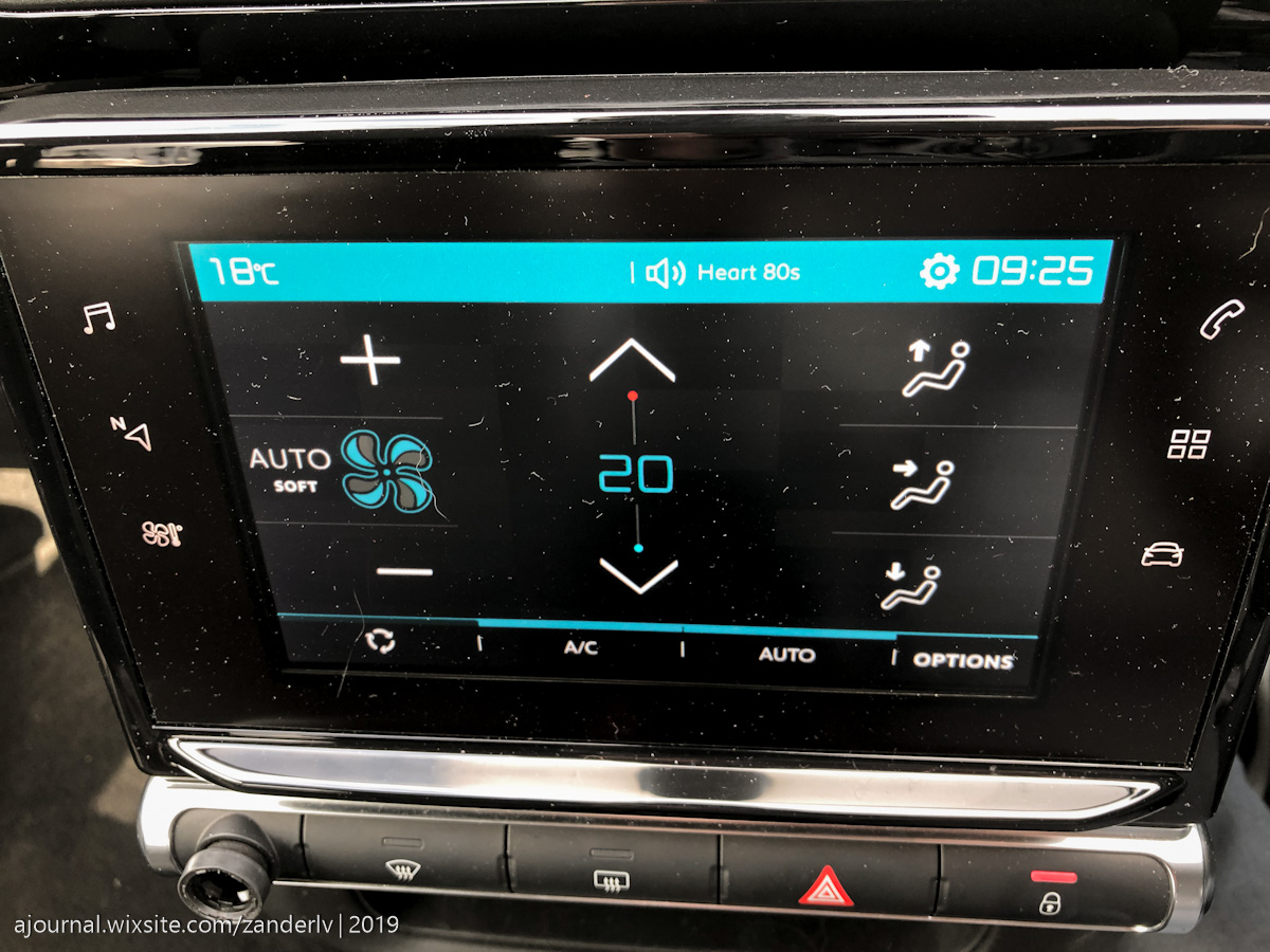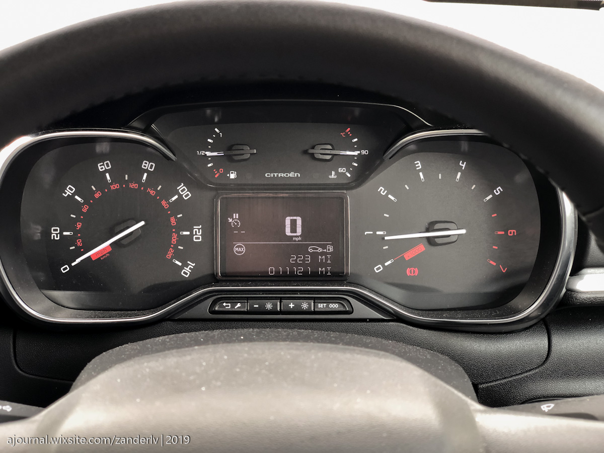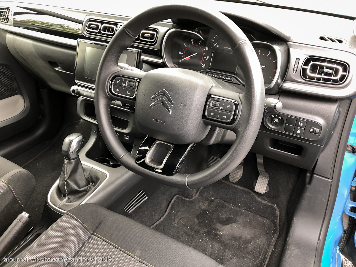 В Citroen C3 руль, в отличие от гигантского в C4, маленький и удобный. Скошенный снизу, это удобство. Я бы сказал, он даже очень удобен для машины такого класса, и регулируется по высоте и глубине. Еще бы круиз контроль был в нормальном месте и выполнен адекватно, цены бы не было, а был ведь ранее, в том же C4. Регулятор круиз контроля спрятан за рулем, как в Renault, и кнопочки на нём абсолютно неудобные, они работают но… они работают очень ненадежно, точнее, их нужно давить на себя, чтобы сделать скорость больше или меньше, причём сильно, чтобы это сработало. Никогда не знаешь, сработало нажатие или нет, нужно постоянно сверяться с информацией на бортовом компьютере.
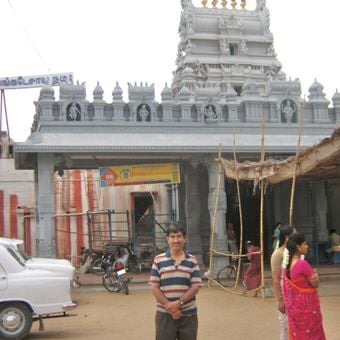El templo Prasanna Venkatachalapathy se encuentra en la orilla norte del río Kaveri con un santuario principal que muestra una deidad de cuatro brazos.
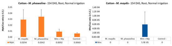 qPCR diagnosis of M. maydis and M. phaseolina in cotton at the end of the season (154 DAS). The experiment was conducted in 2018. The control is a soil taken from a nearby field with minor levels of M. maydis or M. phaseolina infestation. M. maydis relative DNA (Mm) or M. phaseolina relative DNA (Mpk) abundance was normalized to the cytochrome c oxidase (Cox) DNA. Vertical upper bars represent the standard error of the mean of 10 replications (pots, each containing one plant).
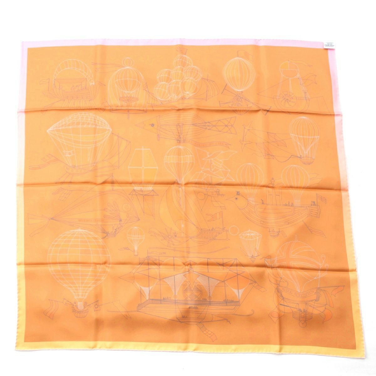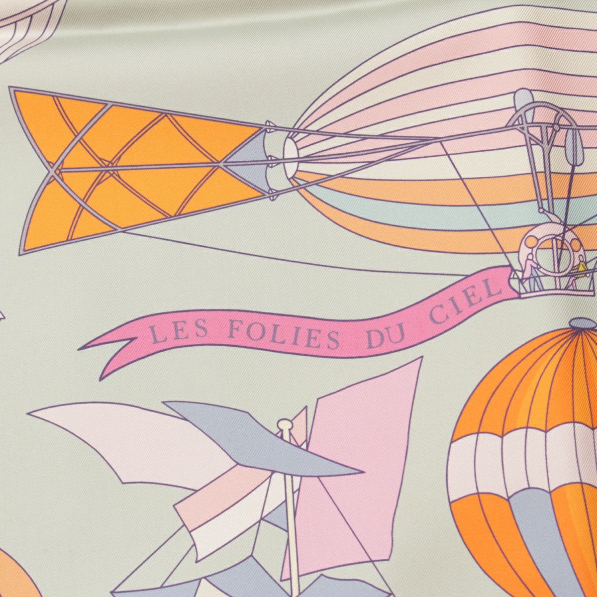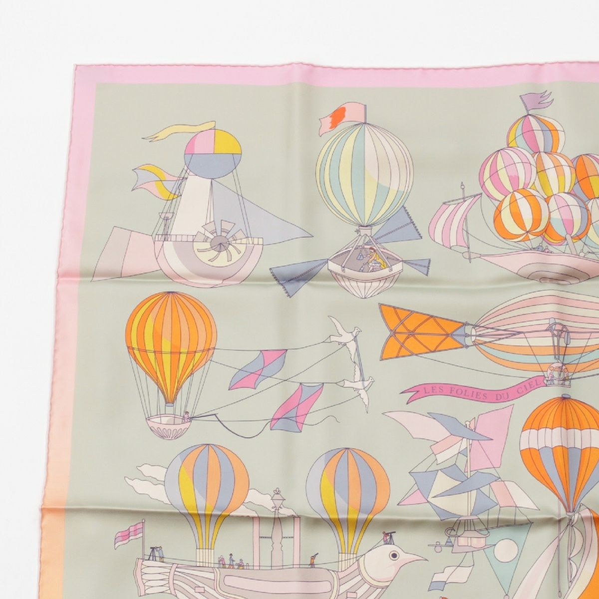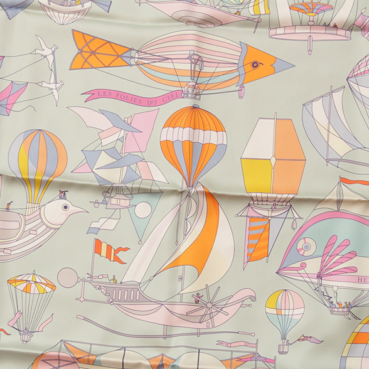 エルメス シルク カレ90 ダブルフェイス LES FOLIES DU CIEL 大空の狂気 スカーフ グレー×オレンジ
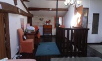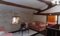 Lounge/dining-room (40m2) Wooden floor. Beams. Fireplace with wood burner

++++++

◆ Task: Which lines run from the one holding "エルメス シルク カレ90" through the end of the records? Reproduce them word for word, both ends included, with no pictures.

◆ Written response:
 エルメス シルク カレ90 ダブルフェイス LES FOLIES DU CIEL 大空の狂気 スカーフ グレー×オレンジ
 Lounge/dining-room (40m2) Wooden floor. Beams. Fireplace with wood burner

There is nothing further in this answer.